It's the little known horror of the aerobics class. Jumping jacks are your bane. And if you're smiling or nodding, you already know what I'm about to talk about.
Let's start with this morning. It started out as many of my mornings do; dragging out of bed some 30 minute after the alarm went off (I know, I know, I'm working on that. My snooze button gets overused.) I took the kid to school, and raced to the gym to catch the first class of the morning. It's a boot camp class, one of those "who the heck KNOWS what's coming next" sorts of things. We ran, we lunged, we generally grunted and groaned.
Then, the instructor told us WE would pick the next set of exercises. We stood in a circle, and took turns leading the group (about 6) in an exercise. Squats. Burpees. Windmills. Then... my bane of banes. Jumping jacks.
Not just a few, either. FIFTY jumping jacks.
Now, I'm hardly a newbie in the fitness world; on the technical side of things, jumping jacks aren't difficult. I have the physical capability of.
No, my friend, my problem with jumping jacks is Mom's Bane. My bladder.
Oh yes. I peed ALL OVER myself. This was, sadly enough, only 30 minutes into this hour long class. I usually wear protection, but this time I'd forgotten, and wasn't too worried about it since we usually do weight training in this class on Thursdays.
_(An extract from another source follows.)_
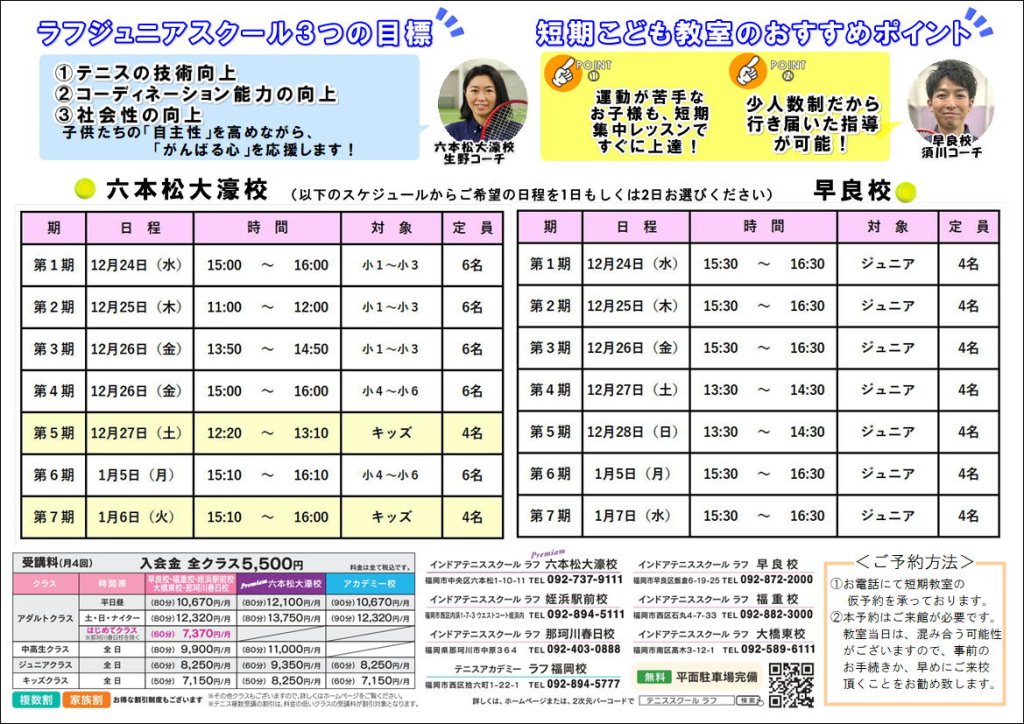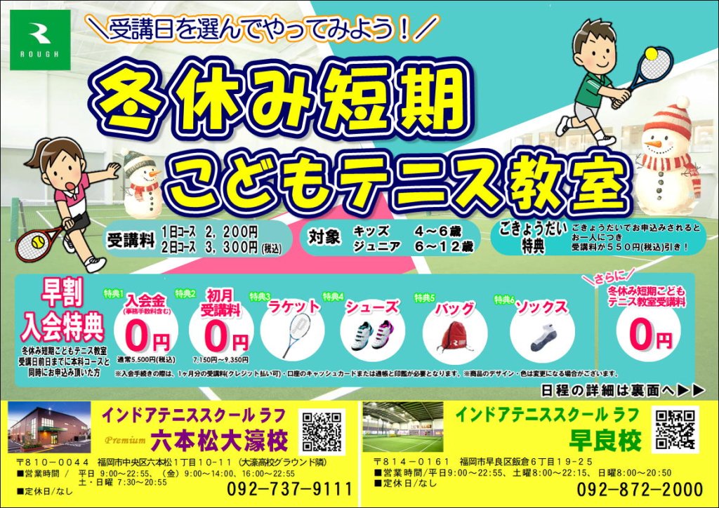 今年も、お子様の冬休みに合わせて、『冬休み短期こどもテニス教室』を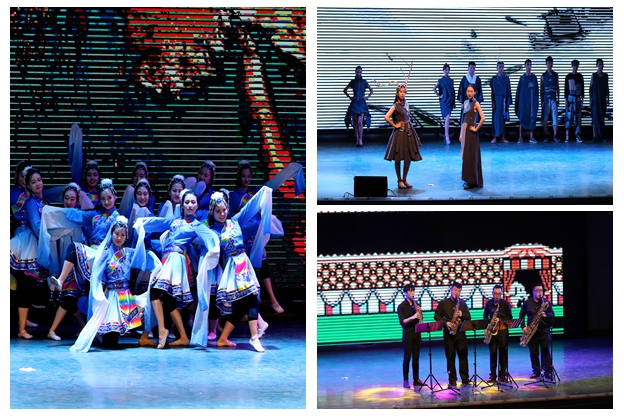 晚会在音乐学院选送的舞蹈表演《采薇》中拉开帷幕,穿插了颁奖环节与文艺节目展演。文艺节目展演包括文化艺术节、科技节部分获奖节目及学生社团特色节目,充分彰显了我校校园文化的深厚底蕴和大学生的创新精神、青春风采,博得了在场师生的阵阵掌声。整场晚会恢宏大气、精彩纷呈、喜庆欢腾。

Fate has a funny way of treating you. I was thankful I'd worn a long t-shirt instead of my usual -torso-hugging workout shirt. It hid the worst of it, but I was about to die of embarrassment. This was a mixed class, with guys and girls. The girls know... and one friend shared my horror with sympathetic frowns when I told her.
I decided to finish, but then I intended to go home and change out my wet pants for something less... toddler-accident-ish.
But you know something? After the class, I was ready to flee in shame, and I realized something.
No one cared. No one stared, commented, nor looked. The only one who knew was a classmate who has the same problem. So instead of skipping out on my next class, an hour-long weight class, I said screw it... I'm staying.
So I did. And I even told the instructor, and she was proud of me for sticking with it. The other ladies in that class (all the guys chickened out, they think that our 5 and 7 lb weights are girly) sympathized and told me in conspiratorial tones they had the same problem.
So I finished my class, and my biceps are screaming. I could have run home, but I didn't.
So what if they had noticed. No one cares. Everyone's generally polite enough that even if they did notice, they're certainly not going to say anything. So if you worry about people laughing at your thighs, or looking like a dummy in Zumba or not knowing what to do in that spinning class... remember me. Remember my urine-soaked panties and gigantic wet spot, and know that if I can get through an hour and a half of gym class with that, you can manage to look a little silly.
Besides, all of us started somewhere. Five months ago, I was the newbie in the class. I was the one standing in the back, embarrassed by my flopping belly and jiggling thighs.
And I'm already looking, and feeling great. And when a newbie comes in class with that deer-in-headlights look, I smile, introduce myself, and tell her that she's going to love it.